Картинки погасли, экраны погрузились в темноту, а через десять секунд аппараты выплюнули ленты. Анна вздохнула, поменяла их на новые теми же быстрыми и точными движениями, а старые промаркировала и поместила в нужные ящики.
– Господа не заинтересовал результат работы Каина, – произнесла Анника медленно.
– Ягнята, бесспорно, забавнее, чем зерно, – констатировала Анна.
– Каин трудился не покладая рук, пахал, сеял, полол и собирал урожай, – сказала Анника, увидев каменистое поле перед собой. – Авель же лежал на спине с травинкой во рту, когда овцы спаривались и рожали потомство. И все равно именно работу младшего брата заметили. Каин не смог жить с этим.
– Авеля показывали на экране Всевышнего, но не Каина, – пробормотала Анна Снапхане.
– Просто невероятно, – повторила Анника, – что это имеет такую силу. Перекусишь со мной за компанию?
Анна скривилась:
– Нет, но кофе выпью. Завари новый, а я скоро приду, мне надо только…
Анника не без труда выбралась из комнаты и, вдоволь надышавшись воздухом коридора, направилась дальше в кафетерий, представлявший собой отгороженный стеклянными перегородками кусок пространства старого заводского помещения, где ныне располагалась редакция «Зеро Телевидения». Одну его стену занимал комплект кухонной мебели, отделанной белым пластиком, с плитой, холодильником и мойкой. Подойдя к стоявшей там на столешнице кофеварке, Анника включила ее и огляделась. По другую сторону прозрачных стен находились письменные столы с компьютерами и телефонами и несколько диванов, разделенные более узкими проходами, чем в «Квельспрессен». Здесь работали молодые и красивые девушки. Они главным образом сидели на своих местах и пытались уговорить самых разных людей прийти в качестве гостей на их проекты, звонили бесконечно и обещали все земные блага, лишь бы заполучить известных личностей в свои дискуссионные передачи, убеждали самых любимых народом знаменитостей снизойти именно до них, а самых обожаемых публикой артистов представлять свои новые творения в их программах, лучше с эксклюзивным правом. Насколько Анника знала, один из ведущих канала, неофициальный шведский король ток-шоу, принимал у себя гостей только при таком условии.

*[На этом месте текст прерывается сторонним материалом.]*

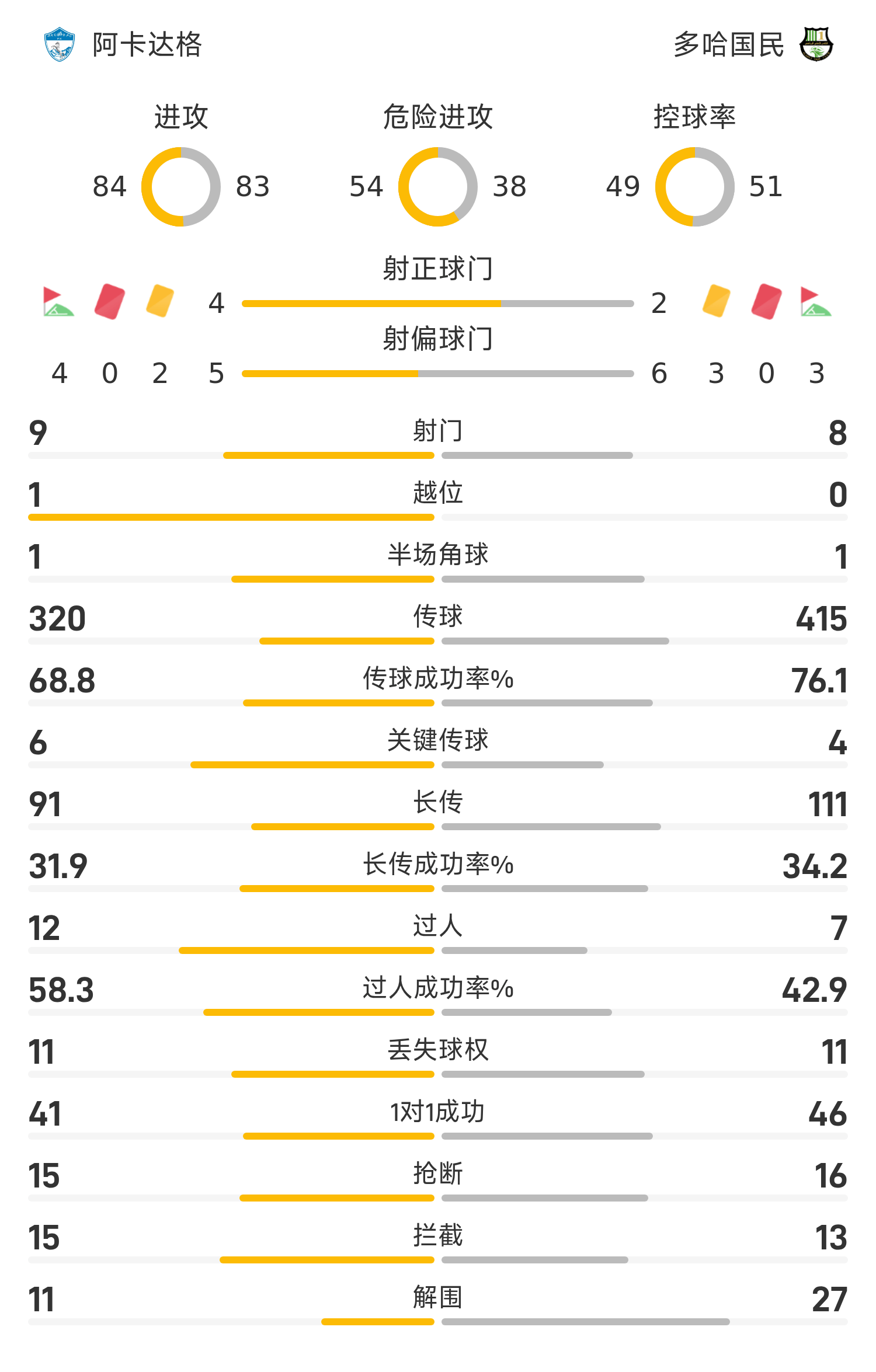 23’弗拉普小角度抽射破门,多哈国民暂1-0领跑位阿卡达格

Попавшие к нему знаменитости целый сезон не могли больше нигде появляться, но, если хотели иметь дело именно с ним, за это приходилось платить такую цену. И здесь сидели женщины, которые занимались такой работой, старались поймать диковинных зверей, чтобы народ повалил именно в их зверинец…
– Боже, как хорошо! – воскликнула Карин Беллхорн и устремилась к кофеварке. – Нам надо бы поставить здесь кофейный автомат, но там кофе все равно будет хуже, чем когда завариваешь его сам, не так ли?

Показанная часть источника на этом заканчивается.